How do I debounce in Angular when I try to call a network request through dispatching it? I don't want to call network request every keystroke. I applied this below but its not working.
TS
search(searchValue: any) {
this.loadingPlatNo = true;
const searchTerm = searchValue.searchTerm;
this.store
.dispatch(new GetCarInformation(searchTerm || ''))

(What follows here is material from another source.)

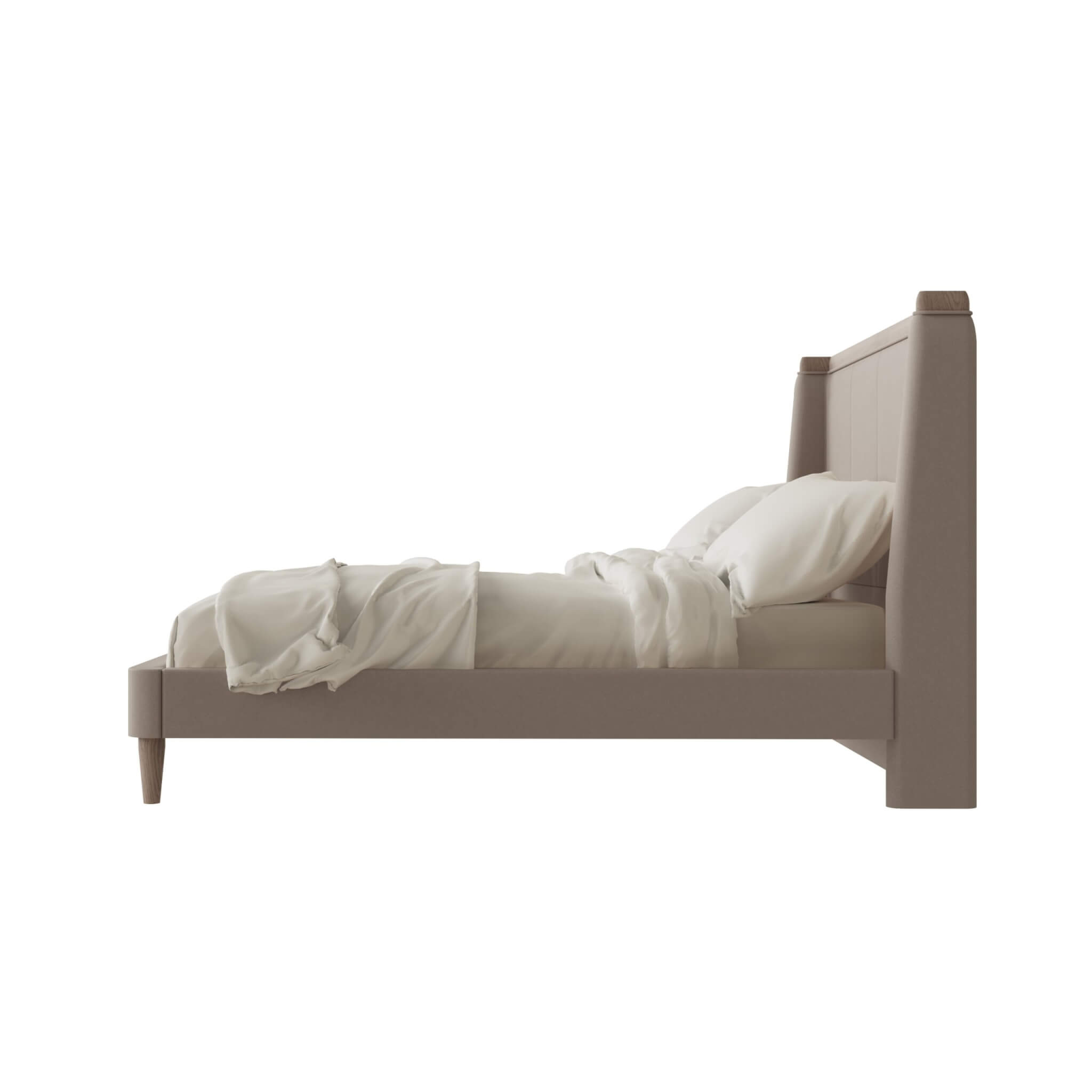 This stunning design is the perfect addition for any bedroom. Its soft, curved, rounded edges and beautiful, rich Natural colour make it stand out from your other offerings. The headboard and base of the bed are made with a luxurious fabric that has been carefully crafted to provide superior comfort and style. The wood grain Ash Veneer used in the construction adds a classic touch, instantly transforming any room.

.pipe(debounce(2000), takeUntil(this.destroy$))
.subscribe((val) => {
this.loadingPlatNo = false;
this.car_informations = val.carInformation.car_informations;
});
}
HTML
<ng-select
#select
(search)="search(select)"
[items]="car_informations"
bindLabel="plate_no"
bindValue="plate_no"
bindLabel="plate_no"
clearAllText="Clear"
[closeOnSelect]="true"
[searchable]="true"
[clearable]="true"
[hideSelected]="false"
[multiple]="false"
[loading]="loadingPlateNo"
loadingText="Loading..."
addTagText="CREATE NEW PLATE NO: "
[addTag]="addNewPlateNo"
placeholder="Select plate no."
formControlName="plate_no"
></ng-select>
CodePudding user response:
The operator you want is actually debounceTime(2000)
as debounce(...)
takes a callback function.
However, in this case they would both only debounce the response, not the request. That's because debounce delays notifications emitted by the source Observable. It does not delay subscribing to the source observable. The way you were trying to use it, debounce would actually just delay executing your callback function by two seconds after the response was received.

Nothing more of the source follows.